The Architecture of Happiness is a book by Alain de Botton (ISBN 978-0241142486) which discusses the importance of beauty, published by Pantheon Books in 2006. De Botton, inspired by Stendhal's motto "beauty is the promise of happiness," analyzes human surroundings and how human needs and desires manifest their ideals in architecture.

Reception[]

The book attracted favourable attention from architects and architectural critics. In the Boston Globe, the architectural critic Robert Campbell declared it the "best introduction to architecture" that he had ever read.[1] There was favorable comment from UK, US and Australian critics.[2] The book featured prominently in the film 500 Days of Summer, where it was the reading matter of choice for the protagonist. In recognition of his services to architecture with the book, the RIBA made Alain de Botton an honorary fellow of the Institute in February 2010.[citation needed]

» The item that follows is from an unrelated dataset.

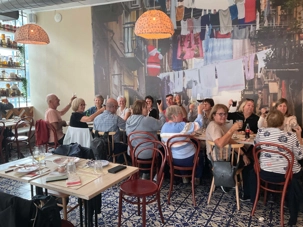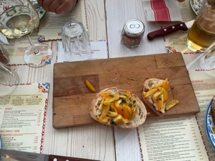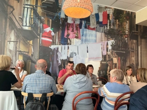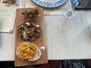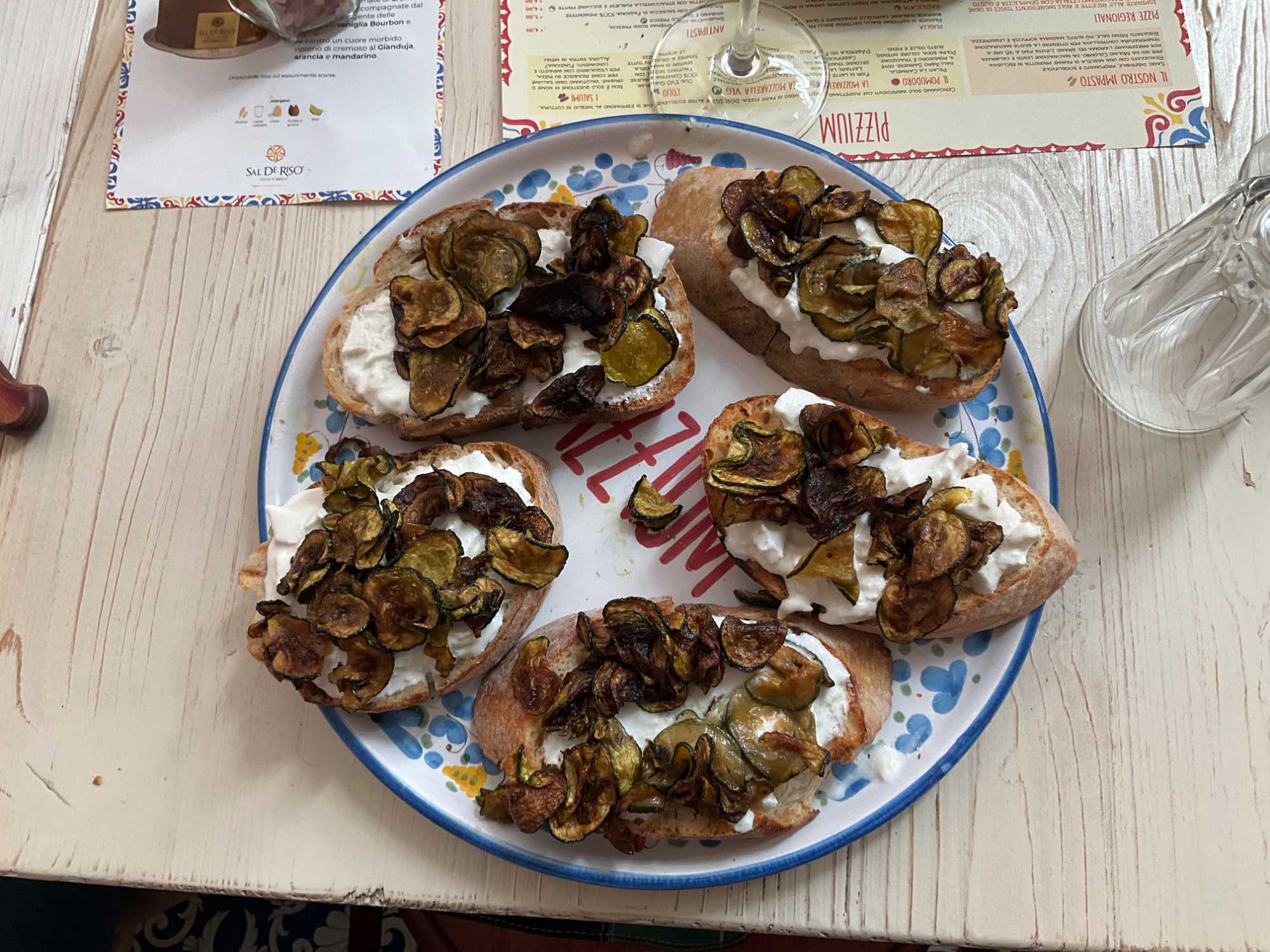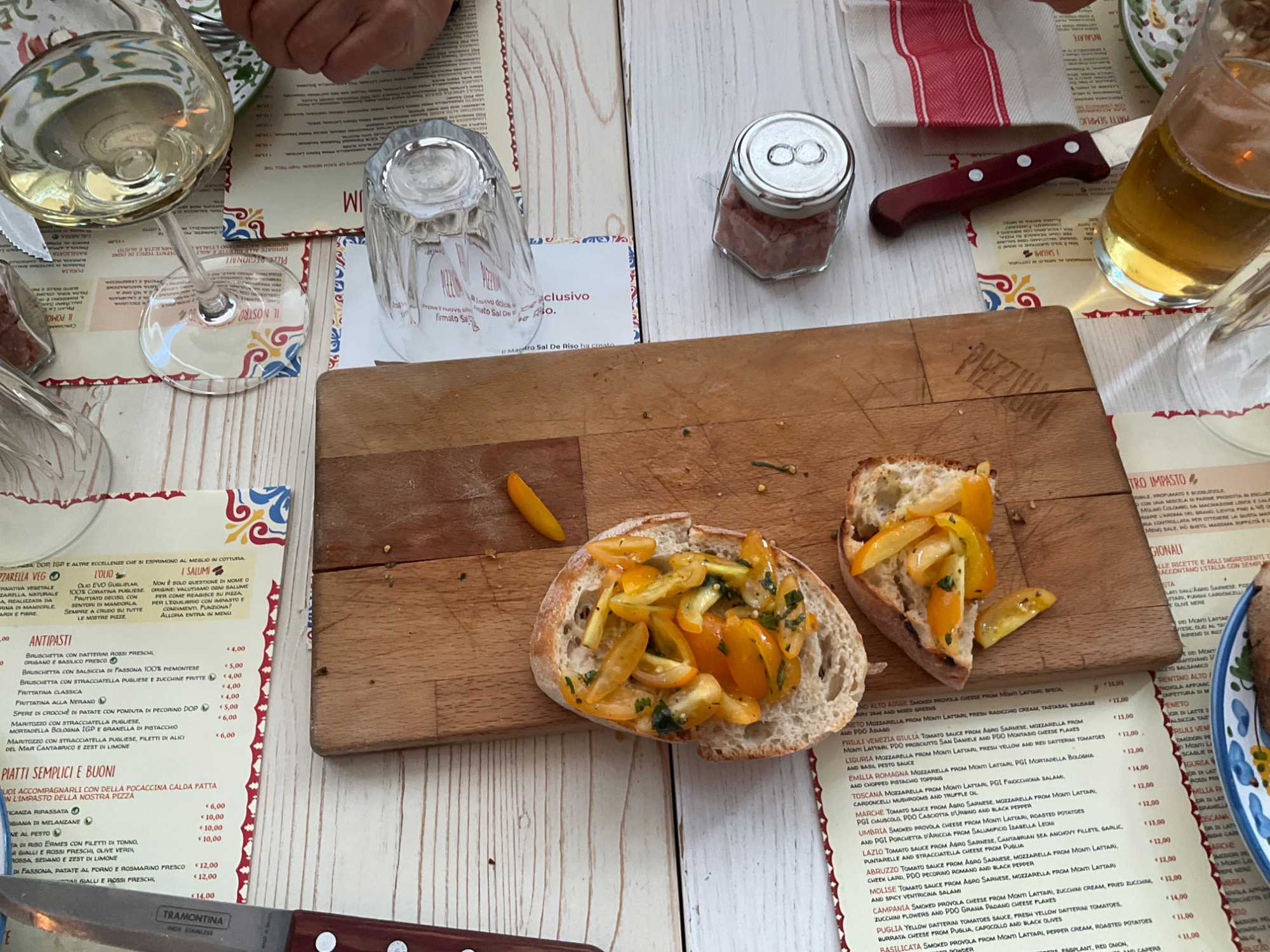 Le plat ou plutôt les plats: deux sortes de bruschetta différentes: aux courgettes puis une deuxième aux tomates jaunes, ça goutait le ciel…italien. Déjà, ces entrées nous rassasiaient, mait attention, ce n’est pas fini, venait juste après la pizza et ces italiens gourmets n’ont qu’un format pour tous…grand. On choisissait une pizza et son nom correspondait à la spécialité d’une région en Italie, plus d’une vingtaine nous étaient proposées. Hum, la vraie cuisine méditerranéenne. On tirera profit de certaines recettes du pays et même des régions pour enrichir nos menus italiens une fois de retourn à la maison. J’allais oublié le dessert et non le moindre, typique de l’Italie…un tiramisu, vous savez le dessert chocolaté et avec un parfum de café?

Not all reviews have been positive. Reviewing the book, New York Times reviewer Jim Holt, wrote "like de Botton’s previous books, ... contains its quota of piffle dressed up in pompous language," saying that de Botton's over-sensitivity to his surroundings even becomes humorous "in a Woody Allen-ish sort of way."[3] Another reviewer, Mark Lamster in I.D. Magazine wrote, "[De Botton] has produced a meandering, pompous disquisition that betrays an autodidact’s haphazard sense of the field, but with little of the original thinking that might be expected from an outsider. ... The Architecture of Happiness would be an innocuous castoff if not for its proselytizing ambitions (it has so far spawned a PBS miniseries) and a set of rather insidious ideas camouflaged in its twee prose."[4]

Cinematization[]

A television series, The Perfect Home, commissioned for Channel 4 and which first aired in 2006, was based on the book.

References[]

  1. ^ Robert Campbell (14 January 2007). "The Architecture of Happiness: Review". Boston Globe. Retrieved 24 February 2015.
  2. ^ Author's page Archived 2009-10-07 at the Wayback Machine
  3. ^ Jim Holt (2006-12-10). "Dream Houses". New York Times. Retrieved 2008-04-06.
  4. ^ I.D. Magazine (January / February 2007)


Retrieved from ""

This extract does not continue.